Please do not adjust your computer screen, that is correct — the Golden Knights are the top seed in the Western Conference playoff hunt after 41 games played.
And, all the while, we haven’t yet seen one of the top draft picks from last June’s NHL Entry Draft make their league debut in the Knights steel gray, black, gold and red trim sweater. No complaints — just a little shocking to see an expansion franchise not force feeding their prospects into the NHL and, instead, allowing them to gain a little seasoning by playing a full season in juniors.
So, here we are at the start of 2018, just looking to catch up with the Knights’ top prospects.
Glass Continues to Excel as Knights Top Prospect
Cody Glass was the first draft pick (sixth overall) in Golden Knights history. Expectations are high for Glass to become a first-line center because of his ability to consistently put the puck in the net at the junior level. He left quite an impression for all after a solid preseason camp and now it’s all about convincing the Golden Knights front office that he’s physically ready to compete in the NHL. Glass continues to impress as he leads the Portland Winterhawks in scoring with 23 goals and 36 assists in 38 games this season.

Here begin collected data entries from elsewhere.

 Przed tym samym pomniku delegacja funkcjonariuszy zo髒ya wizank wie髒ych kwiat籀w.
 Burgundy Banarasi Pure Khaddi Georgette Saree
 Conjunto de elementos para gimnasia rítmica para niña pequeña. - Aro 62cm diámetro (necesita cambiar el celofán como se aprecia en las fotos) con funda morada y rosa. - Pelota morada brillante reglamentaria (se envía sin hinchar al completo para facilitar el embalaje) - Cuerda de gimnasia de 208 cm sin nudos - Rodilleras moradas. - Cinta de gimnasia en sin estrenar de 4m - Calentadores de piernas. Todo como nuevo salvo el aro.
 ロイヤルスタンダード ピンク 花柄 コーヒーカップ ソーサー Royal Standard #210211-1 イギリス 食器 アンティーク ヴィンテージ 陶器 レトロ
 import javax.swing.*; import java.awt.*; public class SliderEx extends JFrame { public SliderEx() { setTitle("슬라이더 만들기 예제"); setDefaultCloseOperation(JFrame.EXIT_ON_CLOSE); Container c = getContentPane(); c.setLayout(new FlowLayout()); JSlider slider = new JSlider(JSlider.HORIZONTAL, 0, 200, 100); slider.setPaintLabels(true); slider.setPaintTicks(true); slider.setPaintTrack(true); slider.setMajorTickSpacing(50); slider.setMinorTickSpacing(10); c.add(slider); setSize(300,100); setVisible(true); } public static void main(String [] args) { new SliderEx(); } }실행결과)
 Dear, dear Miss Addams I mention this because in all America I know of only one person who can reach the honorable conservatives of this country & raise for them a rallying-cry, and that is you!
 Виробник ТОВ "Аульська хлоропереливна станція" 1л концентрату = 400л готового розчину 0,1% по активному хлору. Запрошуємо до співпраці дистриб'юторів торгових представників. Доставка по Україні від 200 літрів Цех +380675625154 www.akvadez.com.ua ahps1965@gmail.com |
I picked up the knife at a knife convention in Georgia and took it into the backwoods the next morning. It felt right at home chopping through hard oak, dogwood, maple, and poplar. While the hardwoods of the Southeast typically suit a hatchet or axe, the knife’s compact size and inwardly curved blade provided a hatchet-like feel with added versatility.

Scouts just love his playmaking ability because Glass rarely makes a mistake with the puck. His decision-making often sets linemates with a good look at the net each time in the offensive zone. Golden Knights general manager George McPhee was wise to send Glass back to juniors prior to the start of season because it allowed his skills to develop without the constant pressures of being under the microscope at such a young age.
Brannstrom Developing into a Blue Line Performer
The final of three first-round picks by the Knights last summer was Erik Brannstrom, who opened some eyes with an impressive training camp that confirmed everyone’s suspicions he was one of the top defensemen from last year’s class. At the conclusion of preseason, Brannstrom returned to Sweden for another season of learning his trade with HV71 in the Swedish Hockey League. Playing overseas will help him grow into becoming a quality NHL defenseman.

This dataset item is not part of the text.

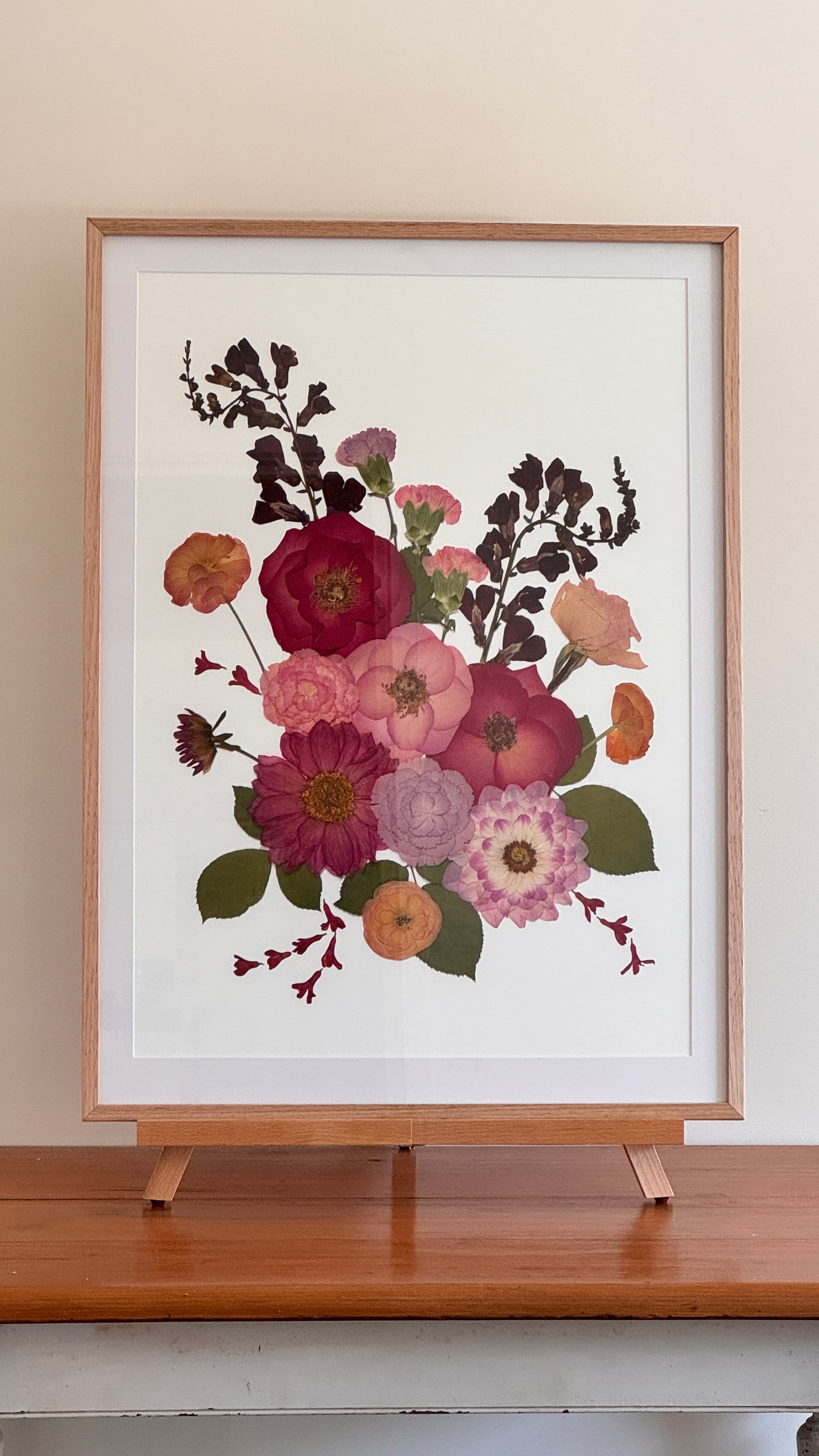 This pressed flower floral art print has been captured at extremely high resolution so that your guests viewing this piece will not be able to tell the difference between the original artwork flowers and the reproduction's flowers and it will retain it's colour for forever!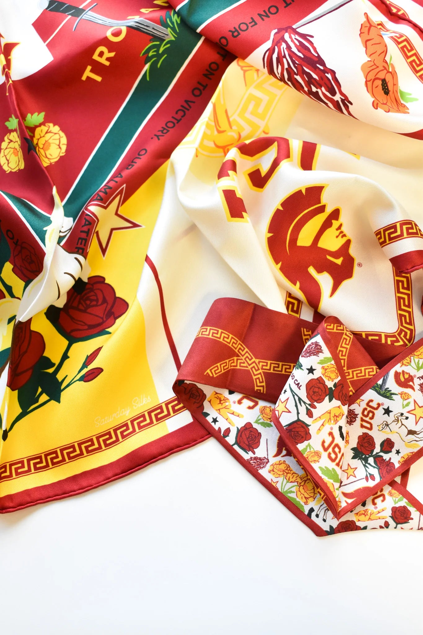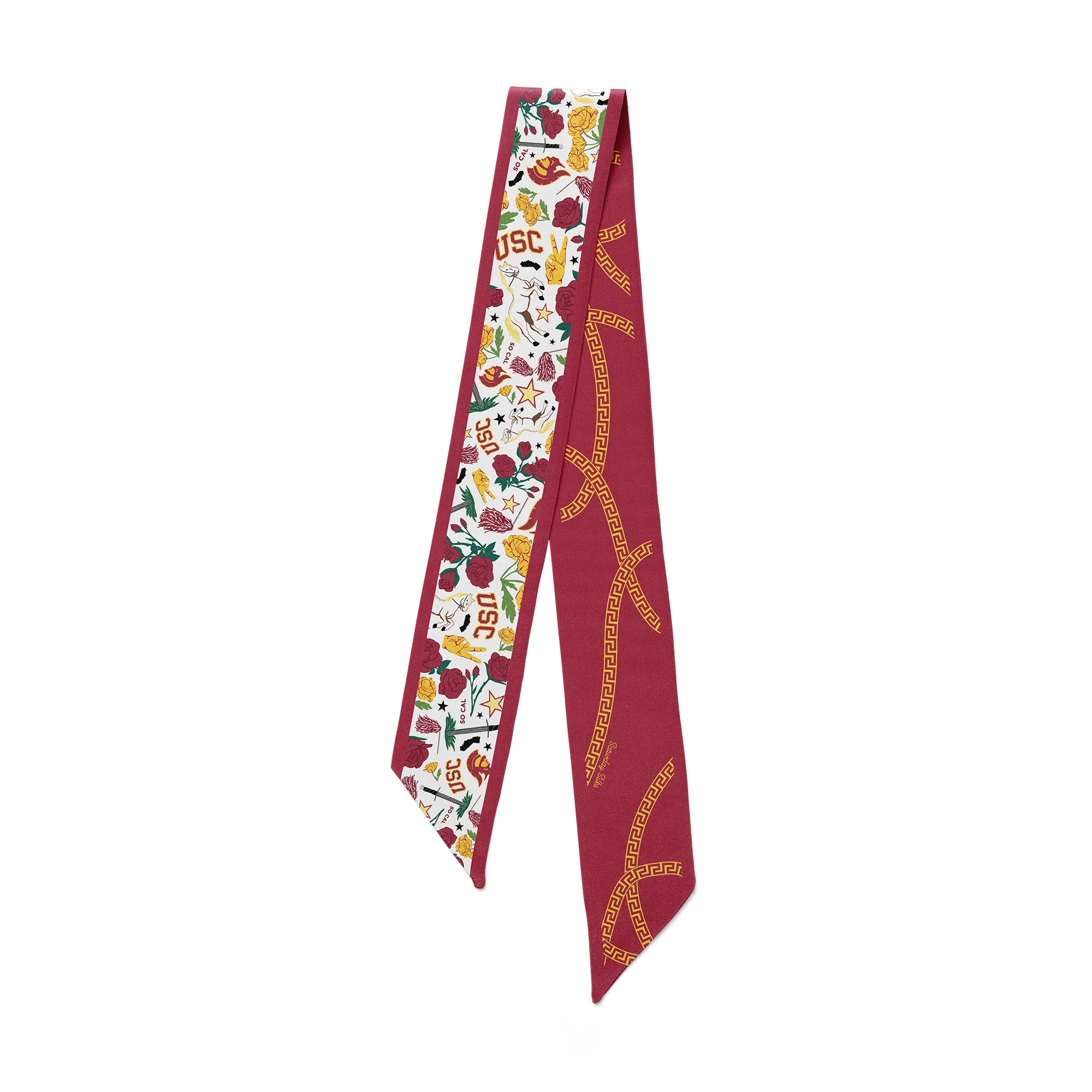 Show off your Trojan pride with the USC Trojans Twilly Scarf! Made from 100% silk, this scarf features our unique Trojan floral print on one side and our Greek Key twist print on the other. Use it to add a touch of style to your hair, wrist, or purse. It's the perfect accessory for any USC fan. Officially licensed by the University of Southern California.

He has become more involved on both ends of the ice as Brannstrom has shown a keen sense to move the puck out of the defensive zone with his outstanding passing skills. The Golden Knights hope to tap into his offensive talent by encouraging him to lead the attack up ice and becoming another playmaker on rushes toward the crease.
The one question mark with Brannstrom is his 5-foot-10, 172-pound size, which isn’t an ideal physique for a defenseman, but he has shown to be smart and aggressive in front of the net. You get the sense that Brannstrom is a work-in-progress, but could be well worth the wait.

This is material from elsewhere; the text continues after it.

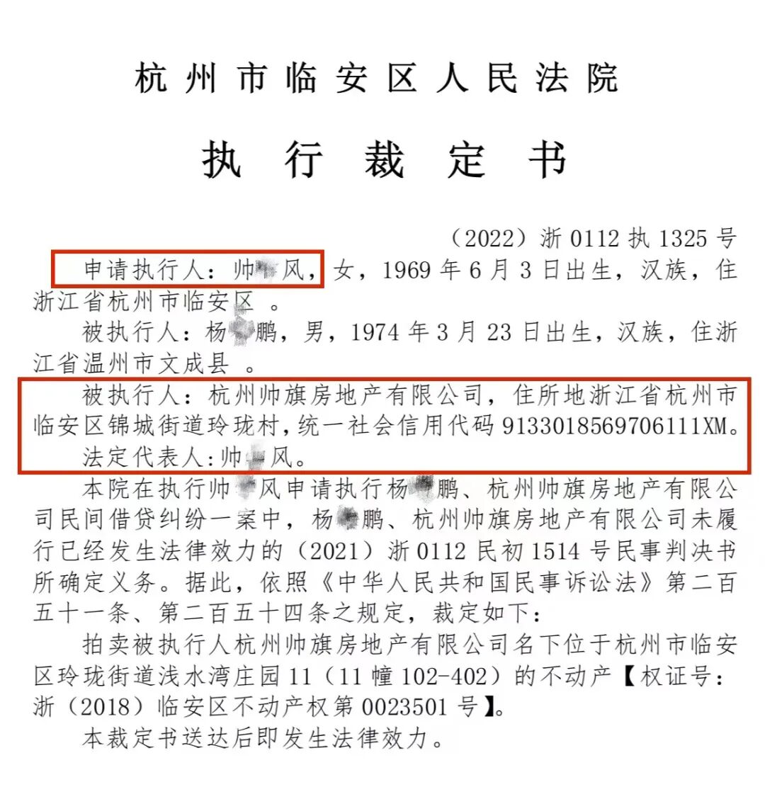 从执行裁定书上可以看到,与杭州帅旗房地产有限公司一起被起诉的,还有一位个人杨某鹏。根据天眼查信息,杨某鹏因为未履行帅某风起诉他与帅旗房地产有限公司相关民间借贷纠纷案的生效法律文书确定的给付义务,已经在今年5月19日被下达了限制消费令;而帅旗房地产有限公司则是名下7套房产被强制司法拍卖。

Suzuki: A Prolific Goal Scorer?
Nick Suzuki was the second of three first-round picks by the Knights in last June’s NHL Entry Draft and is projected to become a second-line center behind Cory Glass in the not too distant future. Scoring goals is Suzuki’s forte, scoring 45 goals in the OHL last season, and the Golden Knights hope that skill translates well at the next level.
He has continued to excel with the Owen Sound Attack, netting 18 goals and 32 assists this season. He’s a confident hockey player who has the vision to see others and get them the puck for a good look at the crease. Plus, Suzuki is creative enough around the net to score goals at a high rate. The extended ice time gained by playing another season in the OHL has helped him improved with his backchecking and face-off accuracy.
The Vegas Prospect Pipeline
The Golden Knights have quietly built an impressive minor league system that will develop valuable pieces that will assist them to contend for many years to come. The success of the first half has given the Knights some luxury to allow Glass, Brannstrom and Suzuki time to improve at their own pace until they’re ready to be called up to the NHL.
Our expectations should be low until each prospect has shown to be solid contributors on the ice. But, don’t be surprise if it’s a matter of time before this group creates havoc inside the T-Mobile Arena on a nightly basis.